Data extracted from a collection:

══════

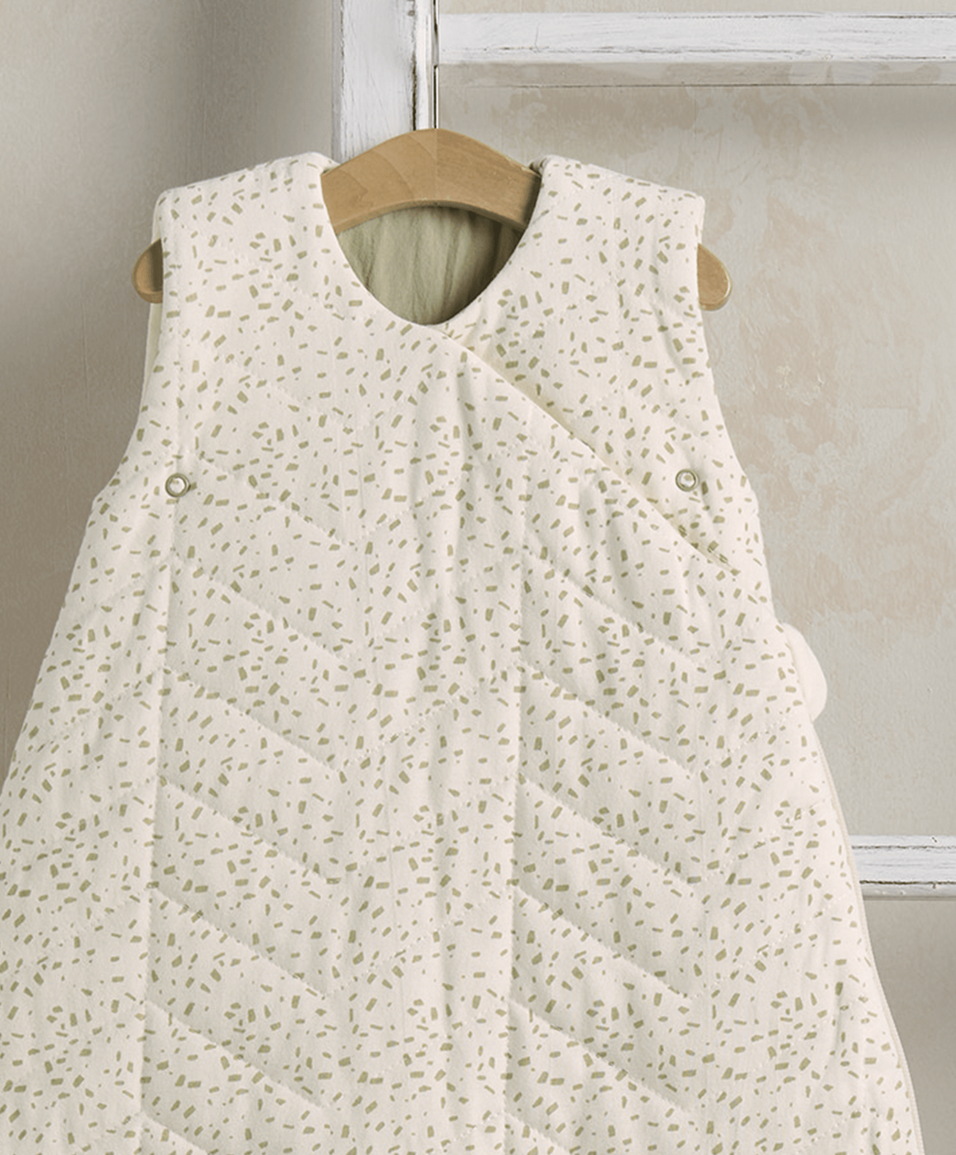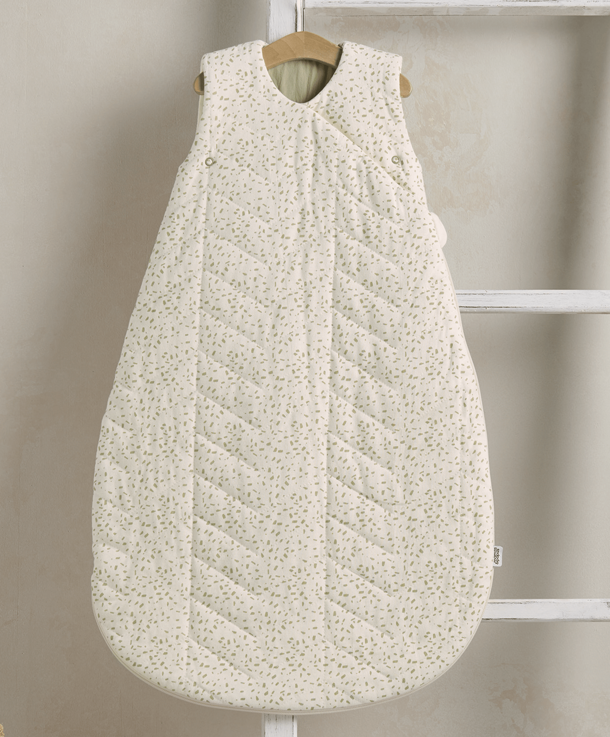 Unisex 2.5 tog dreampod suitable for 0-6 months. Crafted from supersoft gentle cotton. With chevron quilted detailing, distinctive shaped neckline, in iconic safari-inspired speckle print. Features easy-access zip and popper opening, for ease of use and nighttime changes.
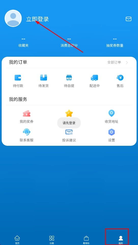 2、点击底部的【我的】功能按钮,接着点击【立即登录】功能按钮,即可进入登录页面。
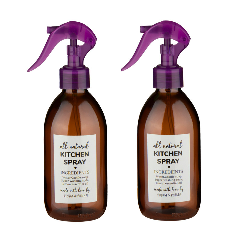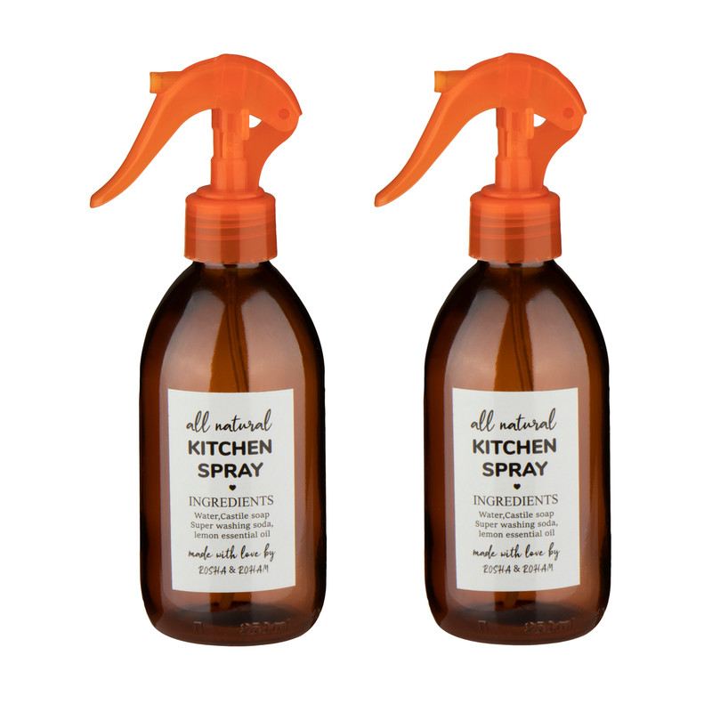 ظرف شیشه ایی با حجم 250 میل بهمراه اسپری مینی تریگر قفل دار وارداتی در 6 رنگ جهت کاربری در منزل و آشپزخانه و سرویس بهداشتی و ...این محصول را میتوان جهت روغن و زعفران و آبلیمو سرکه و الکل و ...وهر نوع محلول رقیق استفاده نمو.
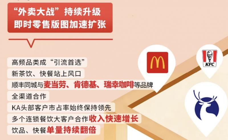 以外卖大战的主力餐饮品类为例,麦当劳、肯德基、瑞幸、霸王茶姬均与顺丰同城达成深度合作,实现全渠道配送。近年茶饮品牌发力私域运营,小程序下单率开始反超外卖平台,顺丰同城通过“驻店+商圈+全城”的多元定制化运力解决方案,保证灵活调度和高效履约。据悉,今年集中上市的蜜雪冰城、古茗、霸王茶姬,外卖大战里爆单的茉莉奶白,以及早就占据优势地位的瑞幸,均为顺丰同城的重点客户。
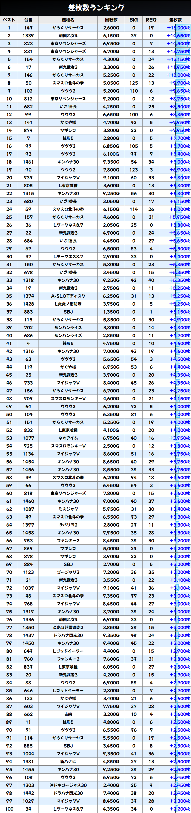 各機種の優秀台(+2000枚以上)をピックアップしていきますので、データをチェックして明日以降の立ち回りの参考にしてください!
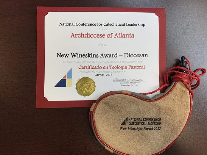 ATLANTA—La Arquidiócesis de Atlanta recibió el Premio “New Wineskins” por su innovador programa de certificación en teología pastoral en español llevado a cabo en colaboración con la Universidad de Dallas.
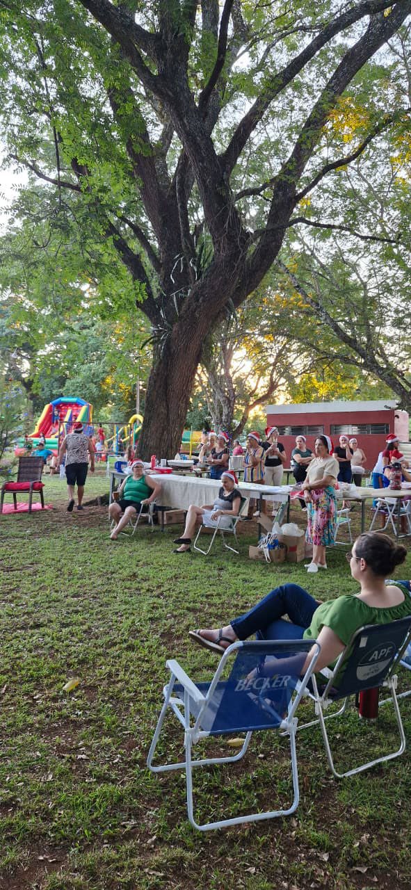 Na sequência, a chegada do Papai Noel trouxe alegria especial às crianças, com a entrega dos tradicionais pacotinhos, encantando famílias e participantes.
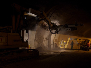 (LPA) Rund um die Uhr wird derzeit im Sigmundskroner Tunnel der Schnellstraße MeBo gearbeitet, um einen neuen Stollen als Verbindung zwischen den bestehenden Tunnelröhren vorzutreiben. "Die neue Verbindung wird als Fluchtstollen dienen und ermöglicht einen schnelleren Zugriff, wann immer in einer der beiden Röhren etwas passieren sollte", so Landesrat Florian Mussner.
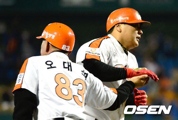 16일 오후 대전 한밭종합운동장 야구장에서 열린 2013 한국야쿠르트 세븐프로야구 한화 이글스와 NC 다이노스의 경기, 5회말 1사 1루에서 한화 김태균이 좌월 역전 투런 홈런을 치고 오대석 코치와 하이파이브를 하고 있다.
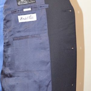 Calvin Klein 44L Sport Coat Blazer Suit Jacket Navy Pinstripes Wool
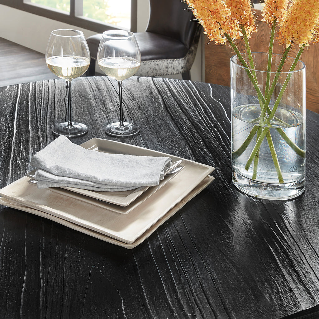 In a chunky and chic silhouette, the Chapman Round Dining Table is casual with a modern twist and features a Charred Black finish on Pine Veneers, a Japanese technique to achieve the look of burnt wood. Will accommodate up to 6 chairs.
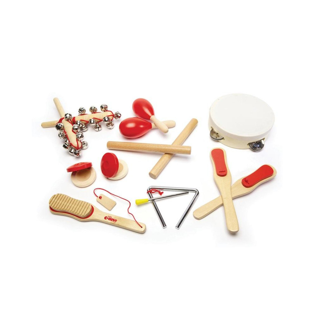 Mladí nadšení muzikanti mohou bubnovat, cinkat, a chrastit, co jim hrdlo ráčí a to díky tomuto krásnému 14 dílnému setu bicích nástrojů. Tamburína, kastaněty, rumba koule, rolničky, paličky, guiro a triangl, to stačí k vytvoření kapely! Výborné pro kreativní skupinovou hru a brzké představení bicích nástrojů. Nástroje jsou vyrobeny ze dřeva, mají červené detaily a velikostně jsou tak akorát pro dětské ruce. Rozvíjí smysl pro rytmus a časování. Vyrobeno z kvalitních materiálů z odpovědných zdrojů. Odpovídá evropské bezpečnostní normě.
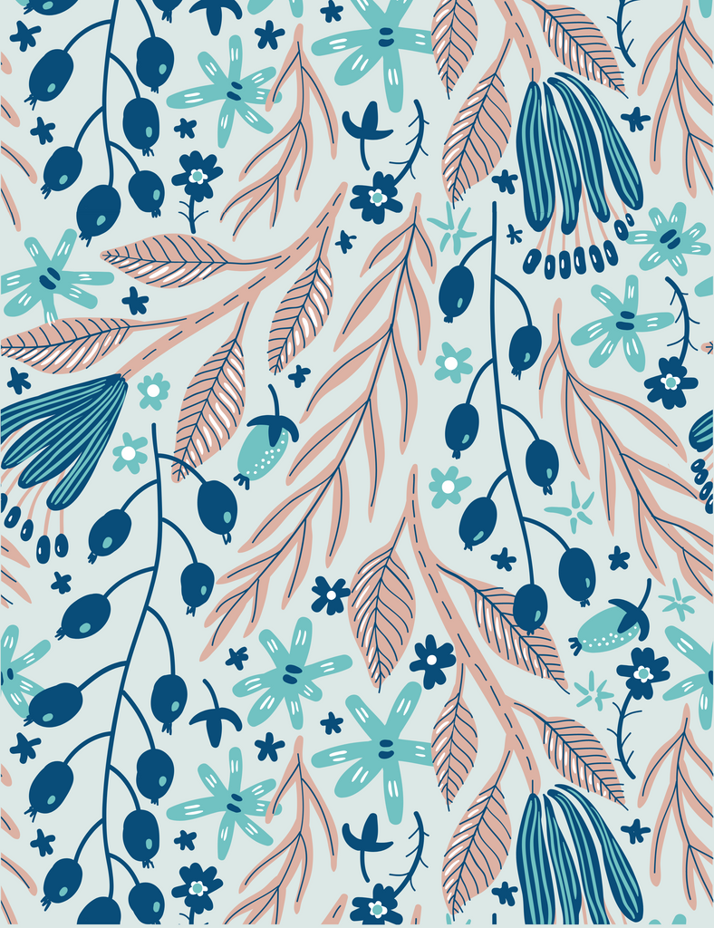 Colors & Design: The Feeling Floral design was created by me! With hues of blue, aqua, and beige, these bags are sure to stand out!
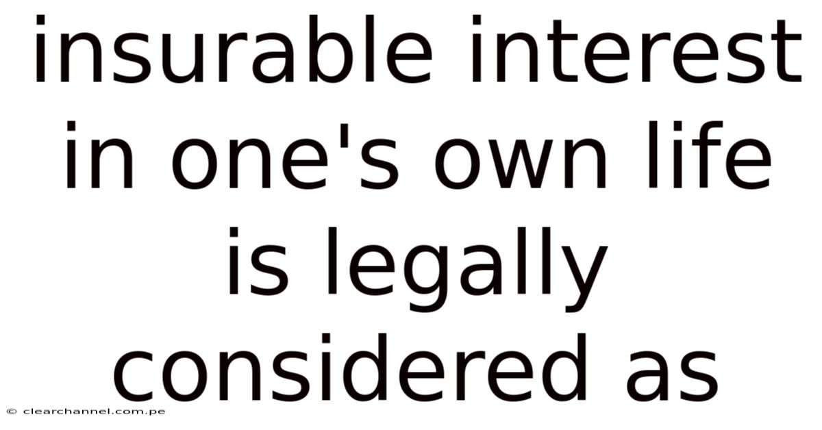 Insurable Interest In One's Own Life Is Legally Considered As

══════

_Aim of the exercise:_
Set down exactly, from the line that contains "Colors & Design: The" through the last line of the data, each line as it stands, and leave the pictures out.

_Output:_
 Colors & Design: The Feeling Floral design was created by me! With hues of blue, aqua, and beige, these bags are sure to stand out!
 Insurable Interest In One's Own Life Is Legally Considered As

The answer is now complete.